L’économie se porte peut-être mieux en 2018 qu’en 1990 alors que la récession frappait le Québec de plein fouet, mais les gens qui vivent aujourd’hui en 2018 n’ont jamais été autant taxés, imposés et tarifés. Entendre que les élus de notre Ville vont voir leur allocation être imposée et que l’on doit compenser pour cette nouvelle imposition ? Est-ce que le commun des mortels reçoit un salaire qui n’est pas imposable ?

Citoyens de Granby de tous les districts, c’est le moment de se lever, comme l’a fait une citoyenne que je tiens à féliciter pour son initiative, Madame Jacynthe Deslauriers, avec sa pétition que je vous invite à aller signer. Il n’est pas nécessaire d’utiliser l’agressivité et la violence pour faire valoir notre point de vue contrairement aux évènements de 1990. Une pétition signée par un maximum de citoyens et votre présence en très grand nombre lors de la séance du conseil du lundi 5 mars 2018 à 19 h va démontrer au conseil que les citoyens de Granby sont mobilisés et sérieux dans la démarche qui vise à faire reculer le conseil sur cette augmentation faramineuse.

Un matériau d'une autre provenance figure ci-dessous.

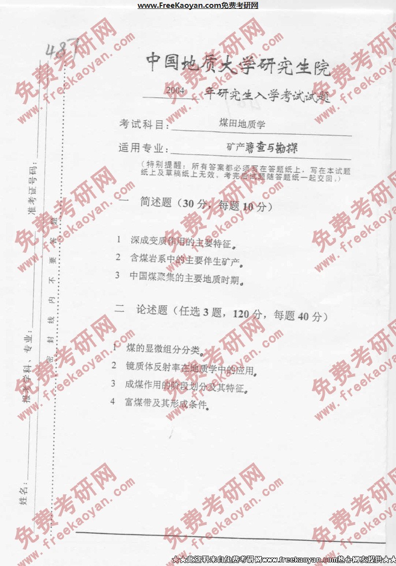 专业课考研经验 本站小编 FreeKaoyan 2018-01-23中国地质大学(武汉)2004年考研真题-矿产勘查与评价

Si se tenir debout, faire valoir notre opinion et nos idées, c’est faire de la politique, alors je ferai de la politique toute ma vie pour le bien commun et pour notre belle ville de Granby.

Bruno Junior St-Amand

Granby

DES SALAIRES À LA HAUTEUR POUR DES ÉLUS À LA HAUTEUR

Il me semble que si on souhaite être dirigés par des gens compétents, il faut offrir des salaires à la hauteur. 

Le travail de politiciens est demandant, qu’on aime ou pas les gens en place.